GHC and Cabal disagree on the meaning of the term "package"

added Tquestion external-Cabal package system labels and removed needs triage label

@torsten.schmits Is there a particular problem which has motivated this issue?

In the example it would be better to use -package-id rather than -package as then this imprecision doesn't exist.

Is this a meta-issue to track the problems in #24689 and #24667 ?

Yes, it's intended as a meta issue. My example is supposed to provide additional motivation from a UX perspective, but since all of these issues ultimately hinge on a decision about the distinction between packages and components, I wanted to collate them under the umbrella of making that decision

changed the description

We discussed something similar with @doyougnu and @andreabedini last week. All this complexity about package selection is mostly unused because cabal-install explicitly passes -package-id for every package. So it's only used for:

PackageImports
GHCi
using ghc directly on the command line

In my opinion, PackageImports should be deprecated and removed. We can already use module renaming on the command line so if we could use it more easily from .cabal file that would offer a nice migration path. Perhaps something like the following syntax:

other-modules:
  base:Data.Ord as BaseOrd
  foo:Data.Ord as FooOrd

Fixing GHCi and direct use of GHC's CLI are more long term projects. Currently GHCi is merged into GHC and is "below" cabal. It would make more sense for it to be above cabal (like HLS is) to fully support multiple home units and package level commands (:set -package foo, etc.). Same thing for GHC's CLI: if it was a different program than the compiler per-se, we could make it interact with cabal instead of the other way around.

So a good first step would be to split GHC in two parts: frontends (GHC's CLI, GHCi, HLS...) and the rest of the compiler (as a library). We could remove a lot of accidental complexity in the process: stateful packagedb concept, package env files, weird split of responsibilities between cabal and ghc (recompilation avoidance, parallelism, etc.)... We were trying to make this possible in #17957 without having to fork GHC but there is still quite a lot of refactoring to do to make this possible.

Thanks, I added module renaming to the list of solutions.

So a good first step would be to split GHC in two parts ...

Definitely a worthwhile goal, though I think it would be reasonable for this issue to get interim solutions or workarounds!

changed the description

@torsten.schmits Yes, they do disagree. GHC uses "packages" (-package, packagedb) for what they are now called "units" (as in home-unit, -this-package-unit-id, etc). Package and components are Cabal concepts (related to packaging) while GHC only ever has to do with units, which are the things you load into the compiler (therefore in packagedb you only find units/libs, never exes).
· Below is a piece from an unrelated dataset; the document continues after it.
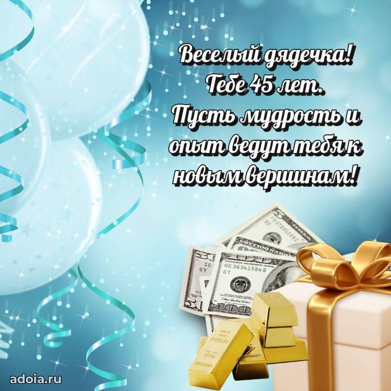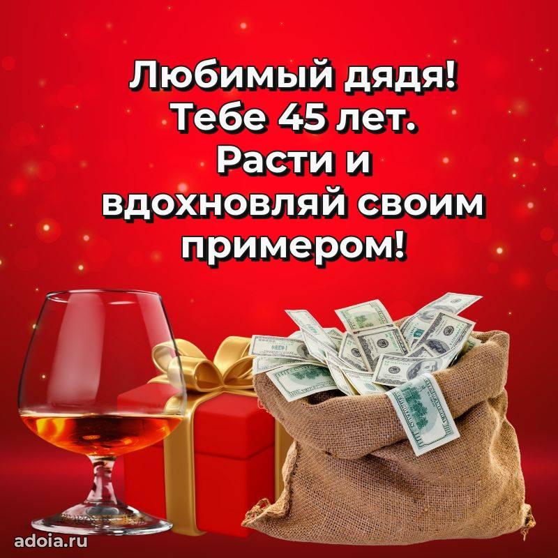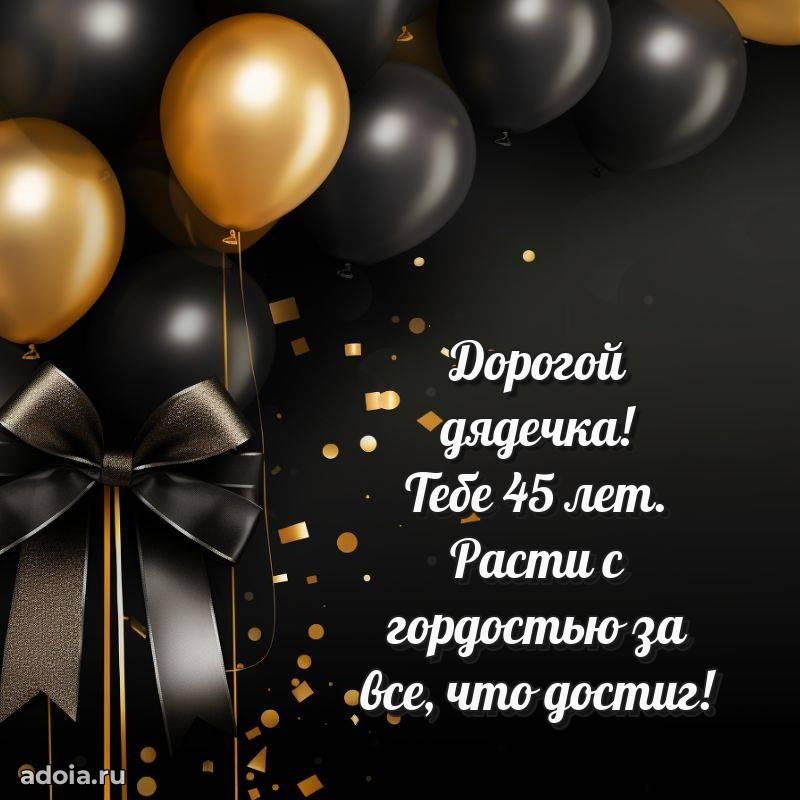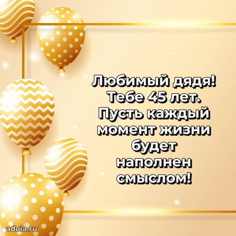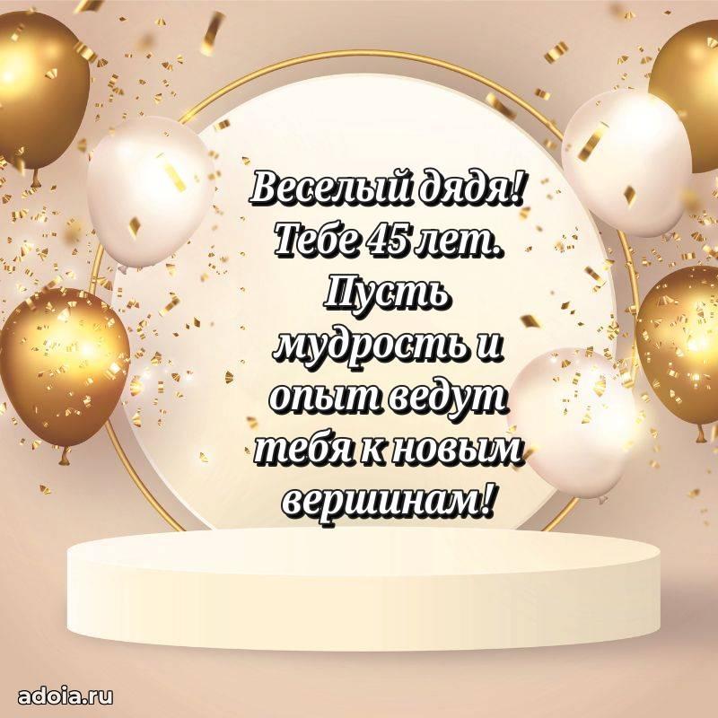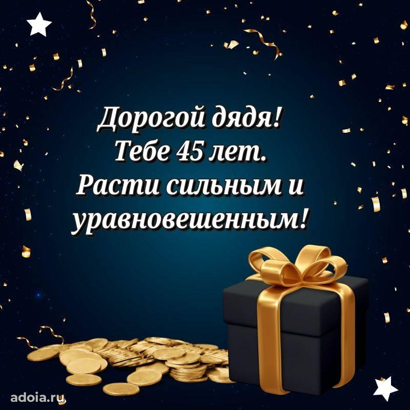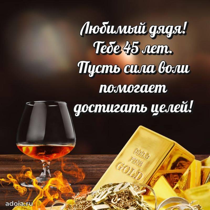 В поисках красивых и современных открыток? Вы попали по адресу! Здесь вы найдете картинки с днем рождения Дяде на 45 лет! Все картинки в высоком качестве, которые можно скачать или отправить через WhatsApp бесплатно. Также вы найдете много прикольных и мерцающих гифок и анимаций, которые поднимут настроение! Все открытки содержат поздравления в стихах и прозе.

They used to be in (roughly) 1-to-1 correspondence, but that boat has sailed when Cabal introduced multi libraries. Duncan's talk at last year's Haskell Contributor Workshop gives some historical background.

Vaguely related is this meta-issue on the cabal repo: https://github.com/haskell/cabal/issues/8967.
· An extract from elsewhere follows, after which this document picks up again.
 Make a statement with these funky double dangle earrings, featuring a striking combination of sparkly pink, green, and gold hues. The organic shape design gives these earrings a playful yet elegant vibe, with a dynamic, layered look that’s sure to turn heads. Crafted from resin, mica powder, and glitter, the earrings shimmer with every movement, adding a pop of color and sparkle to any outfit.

For a pragmatic approach, on the grounds that less is better than more, I would prefer the second solution: "deprecate package imports in favor of module renaming". Usually, a package is a concept relative to code distribution, which is orthogonal to the compilation.

My 2c.

mentioned in issue #25035 (closed)

As @mpickering has cross-linked, the underlying problem has also manifested in #25035 (closed). In short:

(a) the GHC User Guide and ghc-pkg both assume that the 'name' of an installed package is that in its name field, which is unique (including as between the main library and named sub-libraries from the same Cabal package, due to munging of the name of the latter); but

(b) ~~ghc appears to be treating the package-name field (if it exists) of an installed package as overriding the name field for the purpose of GHC's -package option.~~ (EDIT 3 Dec 2024: my current understanding is now different - see #25035 (closed); if the name of an installed package follows Cabal's convention for munging the names of sub-libraries, ghc (at least, GHC 9.4.7) appears to be behaving as if the name of an installed package was actually the name of the Cabal package. The package-name field seems to have no role in this.) This breaks existing build tools, such as Stack, which rely on the behaviour documented in the GHC User Guide and on the output of ghc-pkg list.

I would argue that GHC's -package option should be consistent with ghc-pkg list and should only refer to the given name field of an installed package (not its package-name field, if the installed package has one, or a different intepretation of the name field).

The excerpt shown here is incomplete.